Studio album by Joan Baez
- Released: September 23, 1997
- Recorded: Nashville, 1997
- Genre: Folk
- Length: 48:22
- Label: Guardian
- Producers: Wally Wilson, Kenny Greenberg

Joan Baez chronology
| Live at Newport (1996) | Gone from Danger (1997) | Dark Chords on a Big Guitar (2003) |

= Gone from Danger =

Gone from Danger is the twenty-third studio album (and twenty-fifth overall) by Joan Baez, released in September 1997. Rather than relying on her own songwriting, Baez instead selected work by younger folk and rock artists to perform. She included Dar Williams' "If I Wrote You", Richard Shindell's "Reunion Hill", and Betty Elders' "Crack in the Mirror" as well as two Sinéad Lohan compositions.
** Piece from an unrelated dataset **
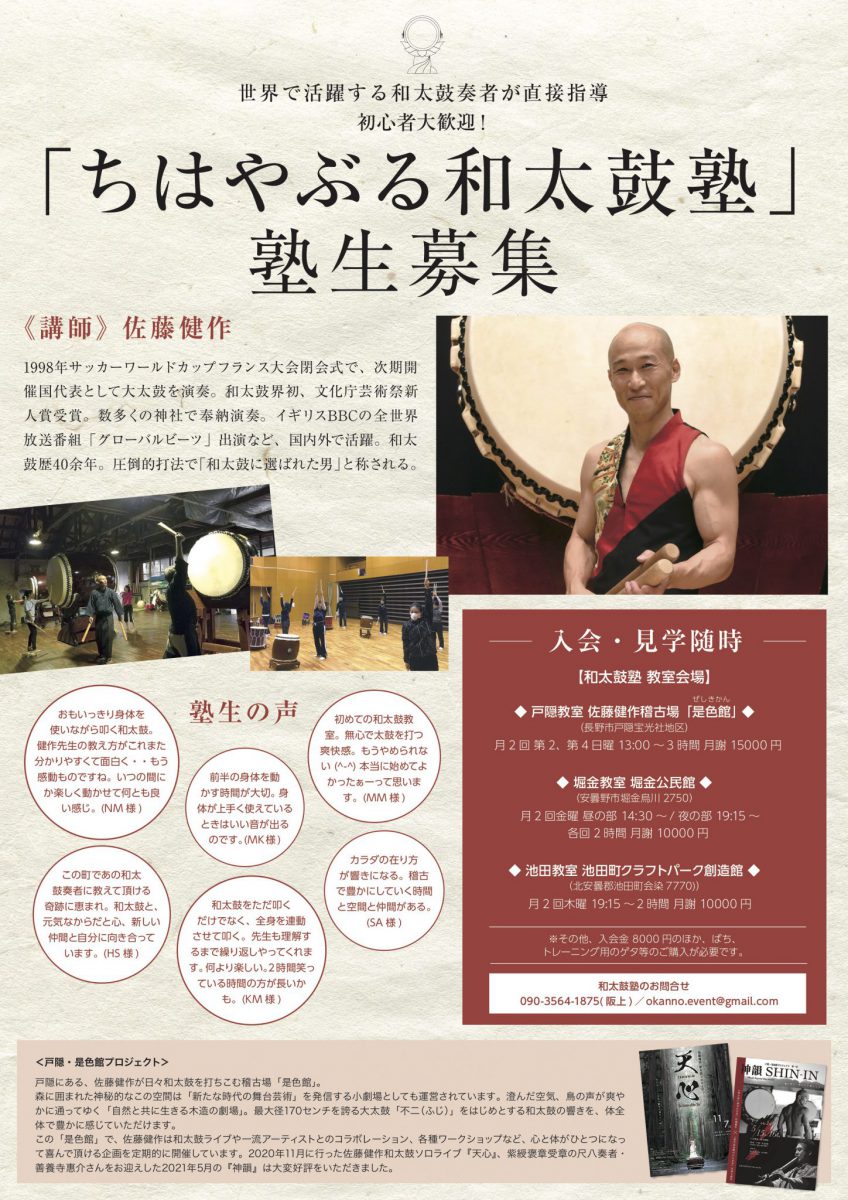 日々、信州の霊地・戸隠にて個人所有世界最大級の大太鼓「不二」を打ち込む。

Around the time of the album's release, Baez confessed that she no longer found herself able to write songs and felt more comfortable reverting to her original role, as an interpreter. The one track for which she receives credit, "Lily" (about a girlhood friend), was a poem written by Baez, to which Greenberg and Wilson added music.

In addition to giving the young songwriters a career boost by recording their songs, Baez took two of them—Shindell and Williams—on tour with her in 1997 to support the album. Lohan had previously supported Baez on tour in the UK in June 1996.

Initial limited editions of this album, available only at Borders bookstores in the US, included a bonus CD of two songs: Betty Elders' "Long Bed from Kenya" and a duet with Dar Williams on Paul Simon's "Dangling Conversation", both of which were recorded live at the 1997 Newport Folk Festival.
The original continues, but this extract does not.